→ Aim of the exercise
Write the data out again so that it matches word for word.

→ Input material
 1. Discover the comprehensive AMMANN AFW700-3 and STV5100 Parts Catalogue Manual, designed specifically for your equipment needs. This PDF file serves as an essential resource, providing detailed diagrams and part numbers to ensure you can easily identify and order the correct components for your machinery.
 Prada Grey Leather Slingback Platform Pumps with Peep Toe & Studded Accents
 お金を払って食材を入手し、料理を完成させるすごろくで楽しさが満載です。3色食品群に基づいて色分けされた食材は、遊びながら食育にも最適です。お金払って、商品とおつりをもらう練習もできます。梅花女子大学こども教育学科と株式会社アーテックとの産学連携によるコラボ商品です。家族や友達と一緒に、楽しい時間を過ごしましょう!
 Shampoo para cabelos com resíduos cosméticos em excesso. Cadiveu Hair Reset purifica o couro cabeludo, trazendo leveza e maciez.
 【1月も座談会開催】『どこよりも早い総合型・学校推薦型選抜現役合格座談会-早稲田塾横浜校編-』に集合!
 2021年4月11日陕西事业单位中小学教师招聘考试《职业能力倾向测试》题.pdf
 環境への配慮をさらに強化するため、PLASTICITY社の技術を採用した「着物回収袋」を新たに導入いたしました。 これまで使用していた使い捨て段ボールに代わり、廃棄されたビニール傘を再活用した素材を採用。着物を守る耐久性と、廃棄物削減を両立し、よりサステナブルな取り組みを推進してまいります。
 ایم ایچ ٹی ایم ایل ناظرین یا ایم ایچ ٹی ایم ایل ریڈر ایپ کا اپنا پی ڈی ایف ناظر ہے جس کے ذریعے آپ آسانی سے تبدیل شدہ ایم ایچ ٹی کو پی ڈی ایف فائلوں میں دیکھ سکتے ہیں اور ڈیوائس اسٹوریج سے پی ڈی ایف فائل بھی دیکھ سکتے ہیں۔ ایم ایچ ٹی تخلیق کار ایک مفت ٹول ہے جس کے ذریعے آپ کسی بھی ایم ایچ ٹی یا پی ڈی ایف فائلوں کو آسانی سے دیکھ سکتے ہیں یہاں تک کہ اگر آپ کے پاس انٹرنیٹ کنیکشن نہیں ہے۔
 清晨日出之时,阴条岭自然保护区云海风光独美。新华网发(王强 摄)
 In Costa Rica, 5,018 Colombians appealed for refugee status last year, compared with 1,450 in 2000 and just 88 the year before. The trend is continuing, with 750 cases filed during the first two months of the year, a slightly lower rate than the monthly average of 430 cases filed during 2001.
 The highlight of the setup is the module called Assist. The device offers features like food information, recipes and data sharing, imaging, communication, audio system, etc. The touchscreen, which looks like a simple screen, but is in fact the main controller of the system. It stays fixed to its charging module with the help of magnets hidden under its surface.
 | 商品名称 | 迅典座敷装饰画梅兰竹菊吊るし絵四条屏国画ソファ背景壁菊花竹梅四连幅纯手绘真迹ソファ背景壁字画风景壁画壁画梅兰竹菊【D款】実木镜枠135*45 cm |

→ Written answer
 1. Discover the comprehensive AMMANN AFW700-3 and STV5100 Parts Catalogue Manual, designed specifically for your equipment needs. This PDF file serves as an essential resource, providing detailed diagrams and part numbers to ensure you can easily identify and order the correct components for your machinery.
 Prada Grey Leather Slingback Platform Pumps with Peep Toe & Studded Accents
 お金を払って食材を入手し、料理を完成させるすごろくで楽しさが満載です。3色食品群に基づいて色分けされた食材は、遊びながら食育にも最適です。お金払って、商品とおつりをもらう練習もできます。梅花女子大学こども教育学科と株式会社アーテックとの産学連携によるコラボ商品です。家族や友達と一緒に、楽しい時間を過ごしましょう!
 Shampoo para cabelos com resíduos cosméticos em excesso. Cadiveu Hair Reset purifica o couro cabeludo, trazendo leveza e maciez.
 【1月も座談会開催】『どこよりも早い総合型・学校推薦型選抜現役合格座談会-早稲田塾横浜校編-』に集合!
 2021年4月11日陕西事业单位中小学教师招聘考试《职业能力倾向测试》题.pdf
 環境への配慮をさらに強化するため、PLASTICITY社の技術を採用した「着物回収袋」を新たに導入いたしました。 これまで使用していた使い捨て段ボールに代わり、廃棄されたビニール傘を再活用した素材を採用。着物を守る耐久性と、廃棄物削減を両立し、よりサステナブルな取り組みを推進してまいります。
 ایم ایچ ٹی ایم ایل ناظرین یا ایم ایچ ٹی ایم ایل ریڈر ایپ کا اپنا پی ڈی ایف ناظر ہے جس کے ذریعے آپ آسانی سے تبدیل شدہ ایم ایچ ٹی کو پی ڈی ایف فائلوں میں دیکھ سکتے ہیں اور ڈیوائس اسٹوریج سے پی ڈی ایف فائل بھی دیکھ سکتے ہیں۔ ایم ایچ ٹی تخلیق کار ایک مفت ٹول ہے جس کے ذریعے آپ کسی بھی ایم ایچ ٹی یا پی ڈی ایف فائلوں کو آسانی سے دیکھ سکتے ہیں یہاں تک کہ اگر آپ کے پاس انٹرنیٹ کنیکشن نہیں ہے۔
 清晨日出之时,阴条岭自然保护区云海风光独美。新华网发(王强 摄)
 In Costa Rica, 5,018 Colombians appealed for refugee status last year, compared with 1,450 in 2000 and just 88 the year before. The trend is continuing, with 750 cases filed during the first two months of the year, a slightly lower rate than the monthly average of 430 cases filed during 2001.
 The highlight of the setup is the module called Assist. The device offers features like food information, recipes and data sharing, imaging, communication, audio system, etc. The touchscreen, which looks like a simple screen, but is in fact the main controller of the system. It stays fixed to its charging module with the help of magnets hidden under its surface.
 | 商品名称 | 迅典座敷装饰画梅兰竹菊吊るし絵四条屏国画ソファ背景壁菊花竹梅四连幅纯手绘真迹ソファ背景壁字画风景壁画壁画梅兰竹菊【D款】実木镜枠135*45 cm |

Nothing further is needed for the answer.